Harriet arrives and, to Emma's surprise, has learned the news from Mr. Weston and is quite calm about it. Nonetheless, trying to cushion what she thinks is a blow, Emma consoles her only to learn that Harriet's attachment has been, not for Frank, but for George Knightley. Emma is utterly astounded — so much so that she finally realizes that "Mr. Knightley must marry no one but herself!" Harriet recounts her reasons for thinking that her feelings are reciprocated, and Emma, though she agrees that there may be truth in this, feels bitter, especially after Harriet says, "But now I seem to feel that I may deserve him . . ." Mr. Woodhouse enters and thus stops the discussion.
After Harriet is gone, Emma is beside herself: "Oh God! that I had never seen her!" She tries to comprehend the situation by first examining her heart, wondering how long George has been so dear to her. She faces up to her own delusions and to ignorance of her own heart. This knowledge of herself reveals her vanity and how "with unpardonable arrogance [she has] proposed to arrange everybody's destiny." Why had she not let Harriet marry Robert Martin? But her pretty friend's "presumption to raise her thoughts to Mr. Knightley" lies at Emma's own door: "Who had been at pains to give Harriet notions of self-consequence but herself?"
Analysis
This is the crucial turning point for Emma. She has to acknowledge and try to come to terms with what she has done to Harriet and with the fact that she herself loves George. The situational irony is very strong indeed: Harriet, taught by Emma to look above herself, has looked to the very man who is exactly right for Emma. One could hardly be more fully caught in her own web of scheming. It is never easy to admit that one is wrong, but Emma does it admirably under the circumstances, for her emotions are very strong and are pulled in different directions.

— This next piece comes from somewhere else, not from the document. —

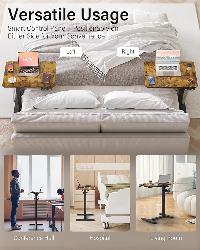 Mobile Standing Desk with Wheels - Electric Height Adjustable Small Movable Laptop Desk, Portable Rolling Computer Sit Stand Side Table for Home Office, Sofa&Bedside Use (23.6",Rustic Brown)

The situation forces Emma to admit that her own imagination was wrong to go against the order of social stratification. Like the other characters, she has believed in it in general; but now the inequality of just one aberration from that order is forcefully impressed upon her. She sees that aberration — her own doing — as wrong and disruptive. She must deal with two misplaced prides — her own and Harriet's newly developed one. Basically what faces her is the necessity of helping or letting the social order reassert itself — if that can be.